The mortgagor remains as the absolute owner of the property during the redemption period and
has the free disposal of his property. There would be compliance with the requisites of Article
2085 of the Civil Code for the constitution of another mortgage on the property. To hold
otherwise would create the inequitable situation wherein the mortgagor would be deprived of the
opportunity, which may be his last recourse, to raise funds wherewith to timely redeem his
property through another mortgage thereon.
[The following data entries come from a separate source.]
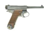 Description: Nagoya Type 14 Nambu 8mm Caliber Pistol. Excellent Late War Japanese Nambu Type 14 with holster. Dated April of 1944. Gun is in remarkable condition with just about all of the original finish. Gun is all matching including magazine. Bolt still has case colors. Grips are excellent. Holster is excellent. Very fine rig! SOLD Curio/Relic: Yes |
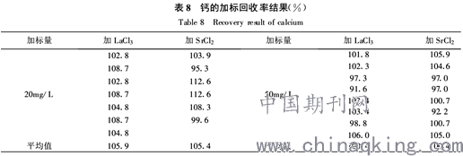 测钙时,加标量为 20~ 50mg/L , 加氯化镧防止干扰, 平均回收率为 102.2%,加氯化锶则为 101.9%。
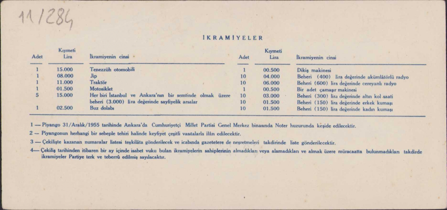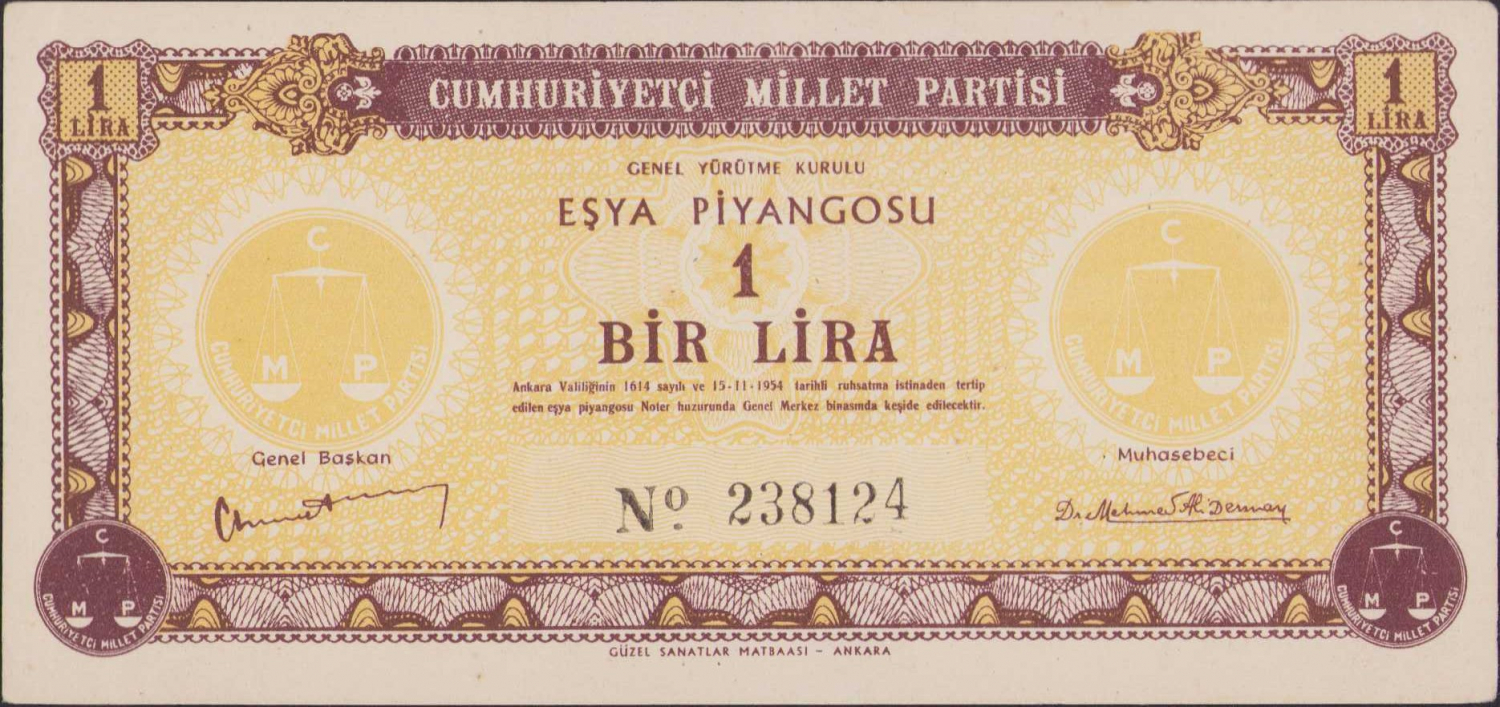 Cumhuriyetçi Millet Partisi Eşya Piyangosu 1 Lira, 1954 tarihli, Güzel Sanatlar Matbaası-Ankara baskı

We reiterate that during said period it cannot be said that the mortgagor is no longer the owner of
the foreclosed property since the rule up to now is that the right of a purchaser at a foreclosure
sale is merely inchoate until after the period of redemption has expired without the right being
exercised. The title to land sold under mortgage foreclosure remains in the mortgagor or his
grantee until the expiration of the redemption period and conveyance by the master’s deed. To
repeat, the rule has always been that it is only upon the expiration of the redemption period,
without the judgment debtor having made use of his right of redemption, that the ownership of
the land sold becomes consolidated in the purchaser.
Parenthetically, therefore, what actually is effected where redemption is seasonably exercised by
the judgment or mortgage debtor is not the recovery of ownership of his land, which ownership
he never lost, but the elimination from his title thereto of the lien created by the levy on
attachment or judgment or the registration of a mortgage thereon. The American rule is similarly
to the effect that the redemption of property sold under a foreclosure sale defeats the inchoate
right of the purchaser and restores the property to the same condition as if no sale had been
attempted. Further, it does not give to the mortgagor a new title, but merely restores to him the
title freed of the encumbrance of the lien foreclosed.